Why You Need an Annual Insurance Review

Paige Dawson suspected that her Dallas, Texas-based marketing firm, MPD Ventures Co., was being overcharged for workers’ compensation insurance. But it wasn’t until signing on with a new insurance agency that she confirmed it. Some of her employees, it turned out, were being misclassified. In reviewing her coverage, her new agency found the error, fixed it and saved Dawson some money in the process.

Dawson’s experience is a telling example of why companies should review their business insurance programs annually. Errors made at the time of purchase can carry over for years if unexamined, costing companies money or leaving them exposed to overlooked risks. Even if they do a good job the first time around, circumstances can change.

“People get complacent,” says insurance broker Susan Combs, president of Combs & Company in New York City. “We’ve reviewed people who’ve had policies in place for 15 to 20 years with the same coverage they had when they were working out of 500 square feet with one computer, a desk and some Ikea bookcases. Now they’re up to 25 people with workstations and other equipment, and they have no idea how underinsured they are.”

Or overinsured. Recently, Combs’ firm reviewed the insurance program of a technology company that, under the terms of its contract with a large bank, had been carrying a $3 million errors and omissions policy as well as an excess liability policy.
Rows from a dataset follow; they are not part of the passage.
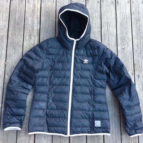Musta lyhyt adidaksen kevyttoppatakki koossa 38 eli M koko. Hyvässä kunnossa.
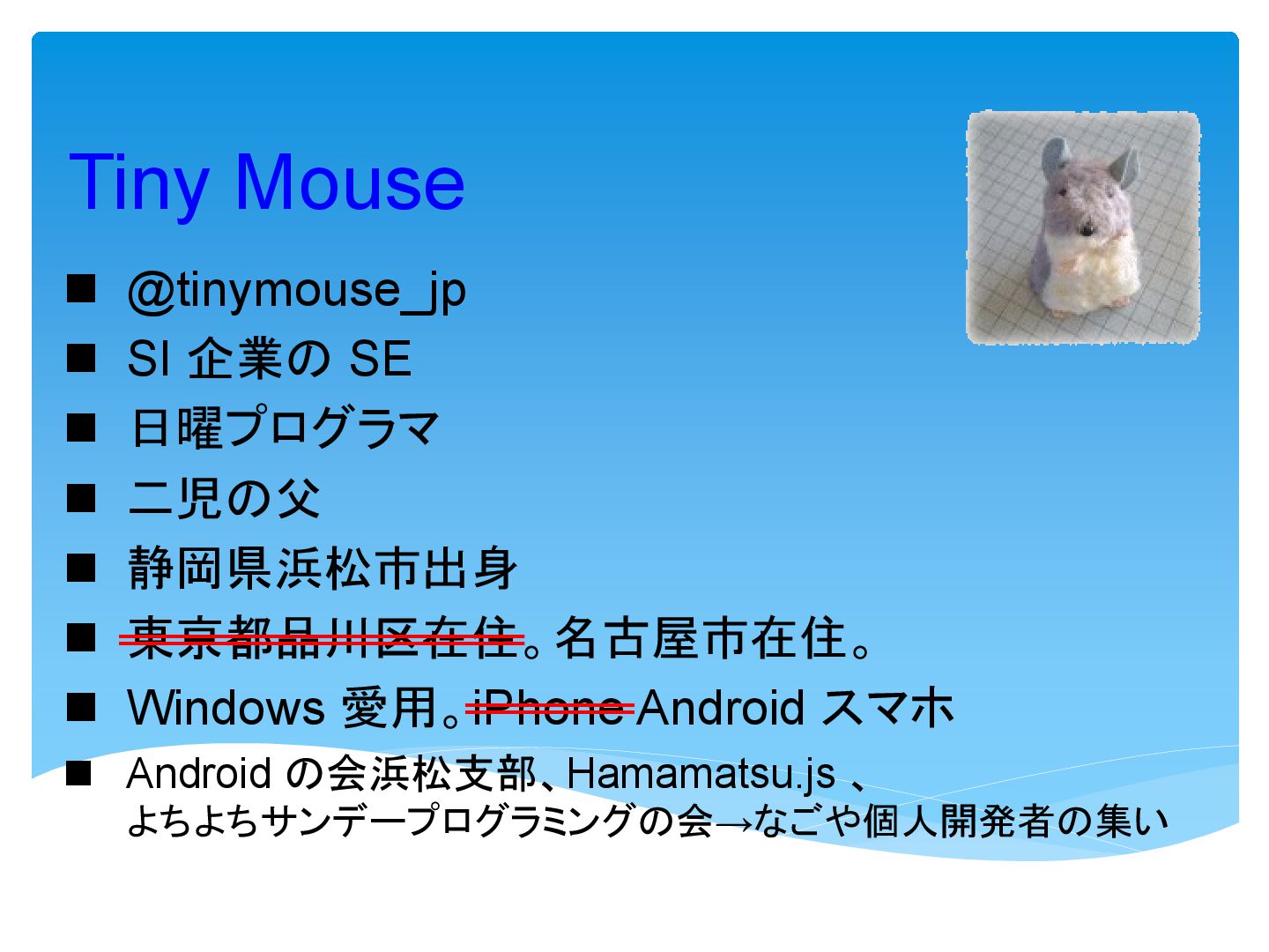 ◼ 静岡県浜松市出身 ◼ 東京都品川区在住。名古屋市在住。 ◼ Windows 愛用。iPhone Android スマホ ◼ Android の会浜松支部、Hamamatsu.js 、 よちよちサンデープログラミングの会→なごや個人開発者の集い Tiny Mouse
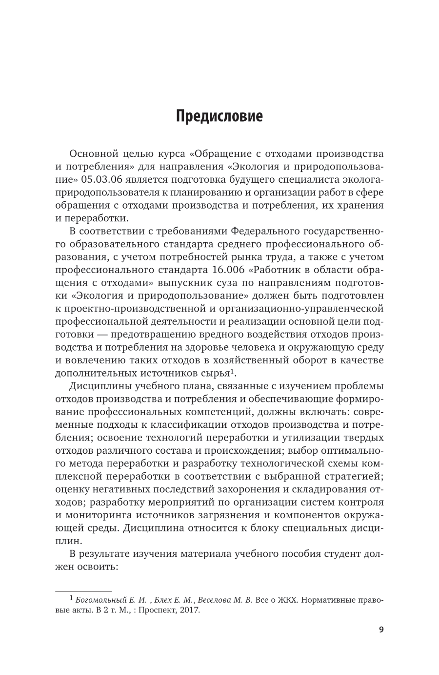 Изложены общие принципы планирования и организации работ по обращению с твердыми отходами производства и потребления, эколого-экономические и технологические аспекты их хранения и принципы комплексной переработки. Рассмотрены вопросы экологической безопасности при обращении с отходами, которая обеспечивается современными методами контроля и мониторинга. Описаны современные технологии, обеспечивающие эффективную сортировку и переработку промышленных и твердых коммунальных отходов (ТКО), а также существующие концепции и государственная стратегия управления муниципальными отходами. Учебное пособие имеет научно-теоретическое и прикладное назначение, поскольку освещает физико-химические, биохимические и технологические основы переработки и утилизации отходов, а также основы стратегии управления и документирования деятельности в этой сфере.
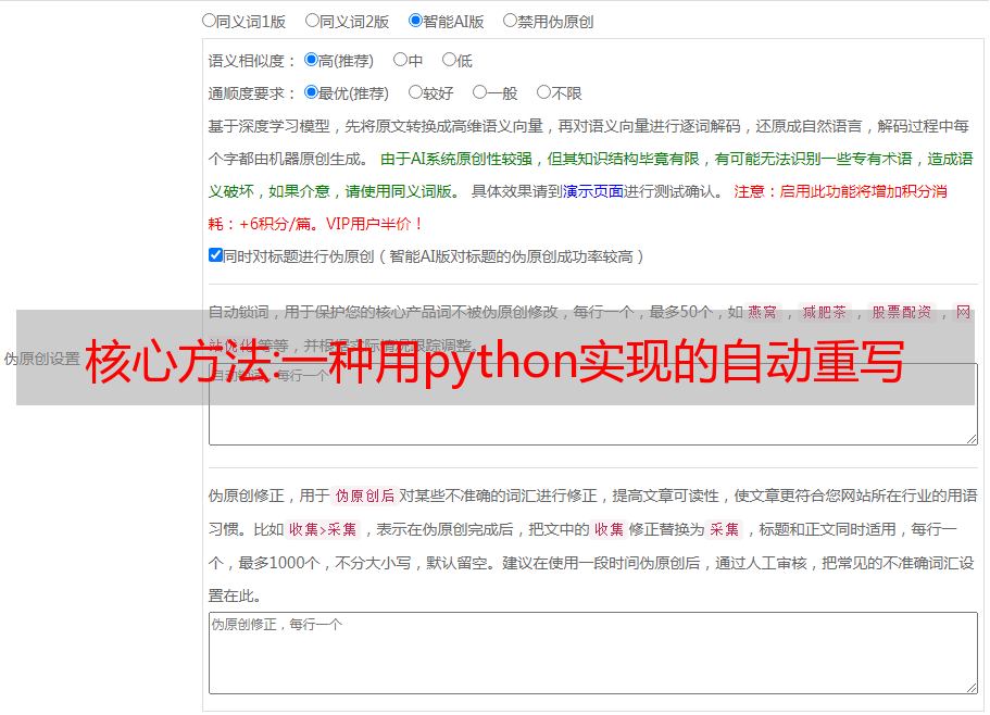2.使用工具,替换同义词,给文章加点词。 这种方法也被大家广泛使用。 如果不是很火,伪原创文章伪原创文章的。 但是现在大家都用同一套软件,文章过去被大量人转载伪原创,导致伪原创文章也很相似。 这也是不包括搜索引擎的原因。 如果只是因为一篇文章不是很火,关于这篇文章的伪原创文章不多,那么这样的伪原创文章还是不错的。 但是现在大家都用同一套软件,文章被很多人转载就是伪原创。 结果就是出现了很多雷同的伪原创文章。 3、开头和结尾手动写,中间的文章用第二种伪原创的方法,然后合并成一篇。 这种方法还是比较有效的,但是对于网站来说也比较费时。 那么看看网站们是如何权衡的。 优缺点比较突出。 4. 首先,用这个软件检查你的伪原创文章和网络文章的相似度。 一般相似度应控制在50%以下。 5、伪原创文章控制好可读性,吸引很多人点击阅读,但跳出率很高,停留时间很短。 搜索引擎也可以直接判断网站内容的可读性很差。 6.提高网站权重。 当网站权重高时,如果你转载一篇文章,它会比那些权重低的网站先被收录。 这句话不是这个身份高的人说的,但我还是选择相信身份高的人。 同样的原理权重高,文章会早点收录。

But the bank had since opted not to renew that contract.

“Since the bank was the only one that had been requiring them to maintain those high limits, we advised them to cut back to $1 million of E&O coverage and drop the umbrella policy altogether,” Combs notes. “It’s saving them about $8,500 a year.”

Most small businesses understandably start out with very basic insurance programs, usually a general liability policy and a commercial property policy. They are sometimes sold together as a “business owner’s policy.” But as companies grow, other types of insurance become important. Some of the most overlooked types of insurance, says Darren Beck, CEO of Business Insurance Now, a Web-based insurance agency headquartered in Allen, Texas, are these:

- Umbrella or excess liability insurance: For claims that exceed standard policy limits.

- Professional liability insurance: Covers mistakes in service provided by the insured, and typically pays the fees of defense attorneys.

- Workers’ compensation insurance: Required in many states once a business employs a certain number of people; provides payment for medical expenses and lost wages when employees are hurt on the job.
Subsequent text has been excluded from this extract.